[Start of Attachment]

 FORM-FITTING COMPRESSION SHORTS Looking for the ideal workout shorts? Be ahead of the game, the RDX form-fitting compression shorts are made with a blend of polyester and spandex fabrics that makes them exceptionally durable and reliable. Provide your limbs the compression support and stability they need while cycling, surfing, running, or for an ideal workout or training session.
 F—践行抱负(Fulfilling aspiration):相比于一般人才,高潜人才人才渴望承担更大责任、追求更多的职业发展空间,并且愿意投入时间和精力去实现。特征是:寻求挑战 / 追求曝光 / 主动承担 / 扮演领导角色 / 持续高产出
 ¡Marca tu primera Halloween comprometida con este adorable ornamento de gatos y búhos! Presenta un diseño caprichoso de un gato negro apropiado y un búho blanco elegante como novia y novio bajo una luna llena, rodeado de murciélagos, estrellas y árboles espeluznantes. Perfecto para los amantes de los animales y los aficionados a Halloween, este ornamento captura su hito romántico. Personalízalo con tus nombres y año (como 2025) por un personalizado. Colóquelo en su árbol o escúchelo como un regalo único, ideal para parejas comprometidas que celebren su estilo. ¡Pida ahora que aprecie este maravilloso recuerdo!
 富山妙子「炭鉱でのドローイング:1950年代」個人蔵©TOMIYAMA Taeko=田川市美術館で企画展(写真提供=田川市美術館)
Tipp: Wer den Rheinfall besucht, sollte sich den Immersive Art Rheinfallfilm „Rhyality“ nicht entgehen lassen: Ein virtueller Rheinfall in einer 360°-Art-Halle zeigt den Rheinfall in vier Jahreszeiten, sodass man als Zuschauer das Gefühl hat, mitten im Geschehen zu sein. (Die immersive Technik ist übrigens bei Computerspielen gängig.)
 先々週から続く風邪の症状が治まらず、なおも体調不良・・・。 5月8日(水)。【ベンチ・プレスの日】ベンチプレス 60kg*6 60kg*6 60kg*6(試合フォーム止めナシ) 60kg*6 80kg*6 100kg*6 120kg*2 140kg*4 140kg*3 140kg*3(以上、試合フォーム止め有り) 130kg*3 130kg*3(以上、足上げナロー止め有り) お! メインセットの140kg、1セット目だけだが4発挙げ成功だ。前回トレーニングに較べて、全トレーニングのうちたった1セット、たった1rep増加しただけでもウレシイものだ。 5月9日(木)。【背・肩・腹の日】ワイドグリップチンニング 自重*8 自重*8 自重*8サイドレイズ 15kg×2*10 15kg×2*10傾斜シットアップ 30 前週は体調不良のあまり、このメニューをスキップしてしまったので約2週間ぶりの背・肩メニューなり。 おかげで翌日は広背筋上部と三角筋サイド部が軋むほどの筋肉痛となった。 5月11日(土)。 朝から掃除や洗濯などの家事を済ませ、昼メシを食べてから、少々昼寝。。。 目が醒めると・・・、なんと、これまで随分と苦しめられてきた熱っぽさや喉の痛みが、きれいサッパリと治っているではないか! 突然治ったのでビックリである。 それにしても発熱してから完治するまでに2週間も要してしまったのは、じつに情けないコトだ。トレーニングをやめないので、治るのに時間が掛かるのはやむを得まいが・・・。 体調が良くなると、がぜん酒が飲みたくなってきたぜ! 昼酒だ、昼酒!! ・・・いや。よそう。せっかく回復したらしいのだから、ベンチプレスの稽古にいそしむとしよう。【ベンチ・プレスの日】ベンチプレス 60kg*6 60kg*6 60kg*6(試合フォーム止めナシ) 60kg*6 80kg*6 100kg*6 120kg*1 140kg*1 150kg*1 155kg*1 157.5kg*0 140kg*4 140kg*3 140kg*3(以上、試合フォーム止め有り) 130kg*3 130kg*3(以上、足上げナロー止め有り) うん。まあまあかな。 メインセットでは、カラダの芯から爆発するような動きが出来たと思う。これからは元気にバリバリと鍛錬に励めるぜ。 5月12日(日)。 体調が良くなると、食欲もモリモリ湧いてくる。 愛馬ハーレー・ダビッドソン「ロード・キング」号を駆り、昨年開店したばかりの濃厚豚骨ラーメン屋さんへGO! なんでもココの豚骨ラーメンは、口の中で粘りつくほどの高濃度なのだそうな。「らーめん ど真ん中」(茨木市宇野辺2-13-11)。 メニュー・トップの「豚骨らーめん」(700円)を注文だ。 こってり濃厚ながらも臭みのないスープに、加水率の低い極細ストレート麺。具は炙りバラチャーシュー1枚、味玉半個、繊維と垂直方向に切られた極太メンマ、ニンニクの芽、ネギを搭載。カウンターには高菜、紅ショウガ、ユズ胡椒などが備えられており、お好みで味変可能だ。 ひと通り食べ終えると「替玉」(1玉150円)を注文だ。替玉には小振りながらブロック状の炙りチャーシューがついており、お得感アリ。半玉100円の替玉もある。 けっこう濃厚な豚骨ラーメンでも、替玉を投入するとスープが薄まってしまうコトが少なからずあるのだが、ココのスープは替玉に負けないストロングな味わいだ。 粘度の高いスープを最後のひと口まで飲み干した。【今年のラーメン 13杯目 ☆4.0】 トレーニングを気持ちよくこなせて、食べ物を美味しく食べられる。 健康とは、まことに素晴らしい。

[End of Attachment]

Assigned task ▸ Send back an exact copy of only the lines from the line with "扮演领导角色 / 持续高产出" up to and including the line with "富山妙子「炭鉱でのドローイン" in the data above.

Response below ▸
 F—践行抱负(Fulfilling aspiration):相比于一般人才,高潜人才人才渴望承担更大责任、追求更多的职业发展空间,并且愿意投入时间和精力去实现。特征是:寻求挑战 / 追求曝光 / 主动承担 / 扮演领导角色 / 持续高产出
 ¡Marca tu primera Halloween comprometida con este adorable ornamento de gatos y búhos! Presenta un diseño caprichoso de un gato negro apropiado y un búho blanco elegante como novia y novio bajo una luna llena, rodeado de murciélagos, estrellas y árboles espeluznantes. Perfecto para los amantes de los animales y los aficionados a Halloween, este ornamento captura su hito romántico. Personalízalo con tus nombres y año (como 2025) por un personalizado. Colóquelo en su árbol o escúchelo como un regalo único, ideal para parejas comprometidas que celebren su estilo. ¡Pida ahora que aprecie este maravilloso recuerdo!
 富山妙子「炭鉱でのドローイング:1950年代」個人蔵©TOMIYAMA Taeko=田川市美術館で企画展(写真提供=田川市美術館)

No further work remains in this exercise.